Given data

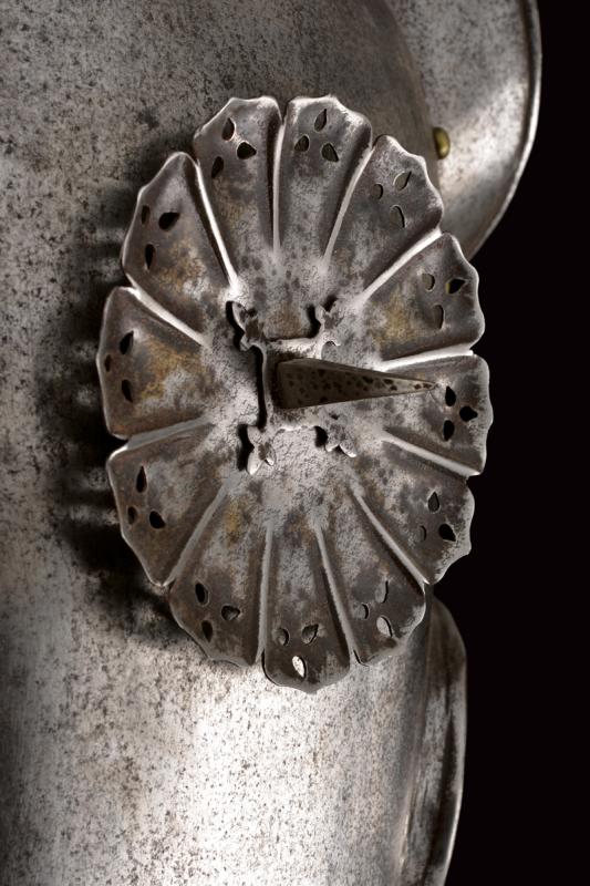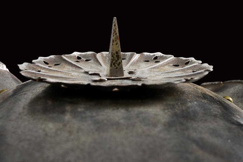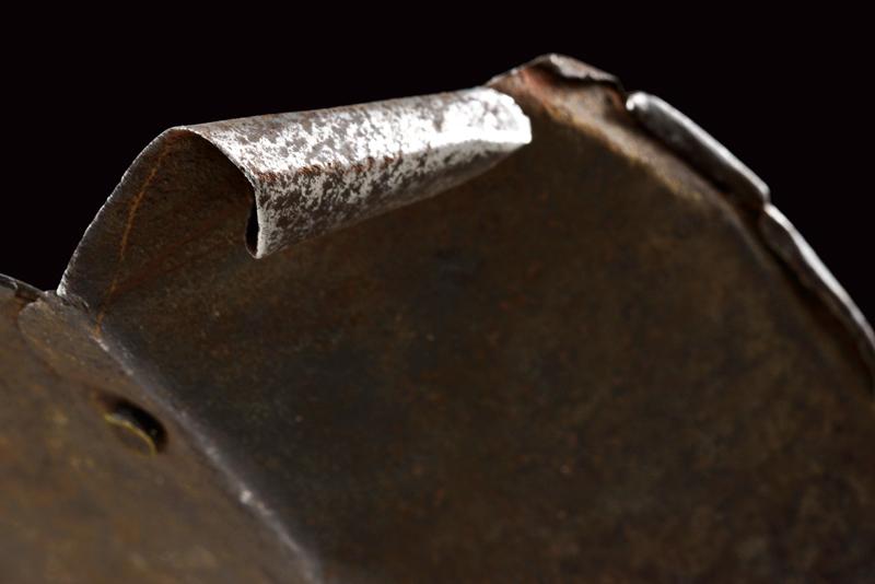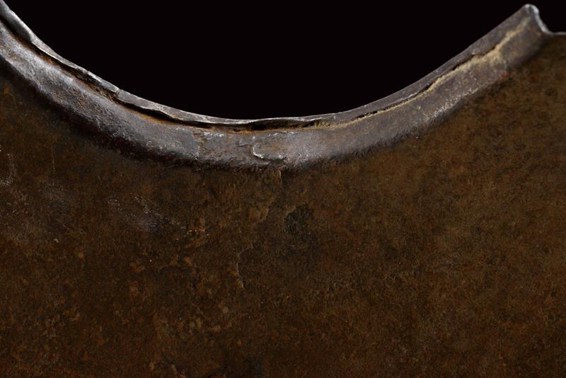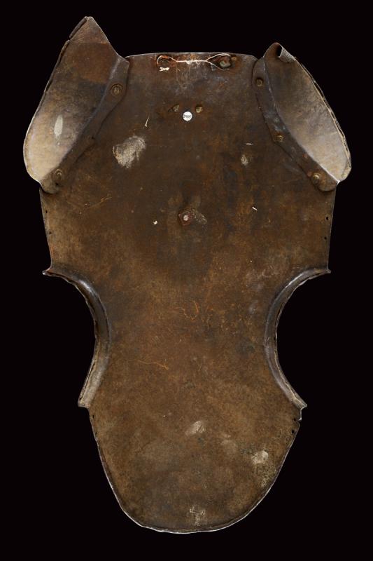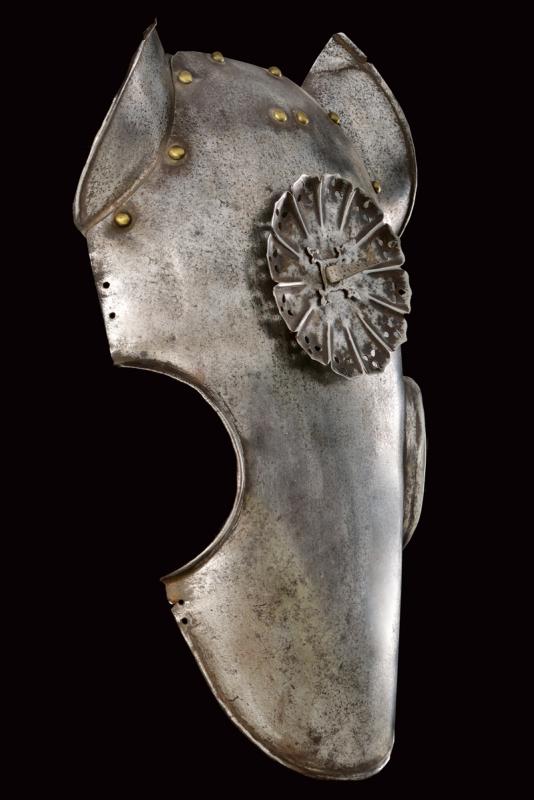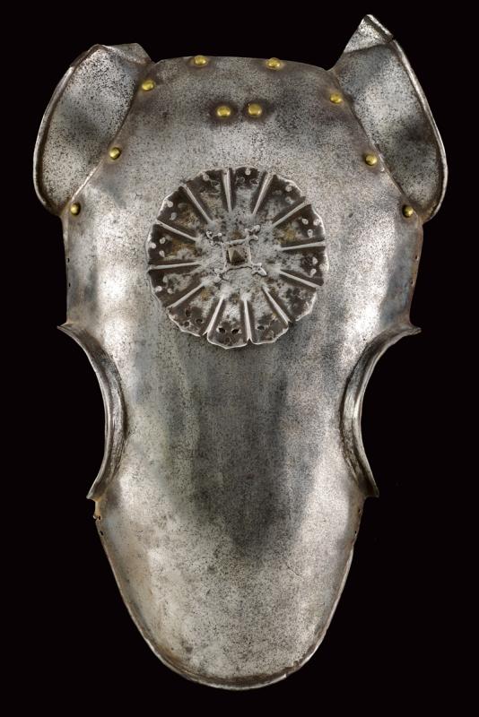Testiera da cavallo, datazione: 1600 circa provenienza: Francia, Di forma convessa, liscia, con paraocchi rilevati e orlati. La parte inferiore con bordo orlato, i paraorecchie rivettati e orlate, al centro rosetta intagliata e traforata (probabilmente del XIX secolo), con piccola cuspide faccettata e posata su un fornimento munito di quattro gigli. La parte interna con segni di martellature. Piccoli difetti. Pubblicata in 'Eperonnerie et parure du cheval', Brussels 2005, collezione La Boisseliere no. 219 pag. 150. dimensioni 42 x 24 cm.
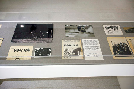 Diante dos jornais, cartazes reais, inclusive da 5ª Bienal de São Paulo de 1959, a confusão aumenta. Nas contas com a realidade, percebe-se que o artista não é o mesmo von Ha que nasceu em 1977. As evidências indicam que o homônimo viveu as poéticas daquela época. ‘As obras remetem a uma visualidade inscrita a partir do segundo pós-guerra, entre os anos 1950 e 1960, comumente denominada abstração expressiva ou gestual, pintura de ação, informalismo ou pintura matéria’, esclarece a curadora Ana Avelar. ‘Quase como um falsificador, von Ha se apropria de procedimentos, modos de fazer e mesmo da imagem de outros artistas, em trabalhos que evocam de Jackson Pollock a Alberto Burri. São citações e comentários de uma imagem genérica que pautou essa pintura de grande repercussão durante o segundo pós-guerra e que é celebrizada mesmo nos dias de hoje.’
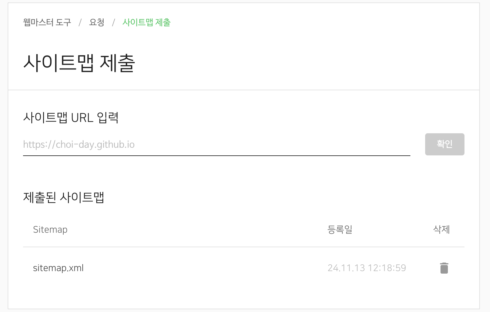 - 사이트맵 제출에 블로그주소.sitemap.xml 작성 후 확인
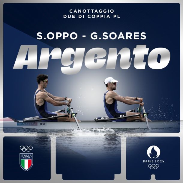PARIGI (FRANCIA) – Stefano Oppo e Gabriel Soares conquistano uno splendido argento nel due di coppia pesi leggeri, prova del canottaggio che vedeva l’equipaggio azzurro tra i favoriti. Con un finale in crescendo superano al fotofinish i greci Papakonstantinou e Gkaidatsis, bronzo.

Brief
The data needs to be reproduced exactly, please, apart from its pictures.

Expected answer
Testiera da cavallo, datazione: 1600 circa provenienza: Francia, Di forma convessa, liscia, con paraocchi rilevati e orlati. La parte inferiore con bordo orlato, i paraorecchie rivettati e orlate, al centro rosetta intagliata e traforata (probabilmente del XIX secolo), con piccola cuspide faccettata e posata su un fornimento munito di quattro gigli. La parte interna con segni di martellature. Piccoli difetti. Pubblicata in 'Eperonnerie et parure du cheval', Brussels 2005, collezione La Boisseliere no. 219 pag. 150. dimensioni 42 x 24 cm.
 Diante dos jornais, cartazes reais, inclusive da 5ª Bienal de São Paulo de 1959, a confusão aumenta. Nas contas com a realidade, percebe-se que o artista não é o mesmo von Ha que nasceu em 1977. As evidências indicam que o homônimo viveu as poéticas daquela época. ‘As obras remetem a uma visualidade inscrita a partir do segundo pós-guerra, entre os anos 1950 e 1960, comumente denominada abstração expressiva ou gestual, pintura de ação, informalismo ou pintura matéria’, esclarece a curadora Ana Avelar. ‘Quase como um falsificador, von Ha se apropria de procedimentos, modos de fazer e mesmo da imagem de outros artistas, em trabalhos que evocam de Jackson Pollock a Alberto Burri. São citações e comentários de uma imagem genérica que pautou essa pintura de grande repercussão durante o segundo pós-guerra e que é celebrizada mesmo nos dias de hoje.’
 - 사이트맵 제출에 블로그주소.sitemap.xml 작성 후 확인
PARIGI (FRANCIA) – Stefano Oppo e Gabriel Soares conquistano uno splendido argento nel due di coppia pesi leggeri, prova del canottaggio che vedeva l’equipaggio azzurro tra i favoriti. Con un finale in crescendo superano al fotofinish i greci Papakonstantinou e Gkaidatsis, bronzo.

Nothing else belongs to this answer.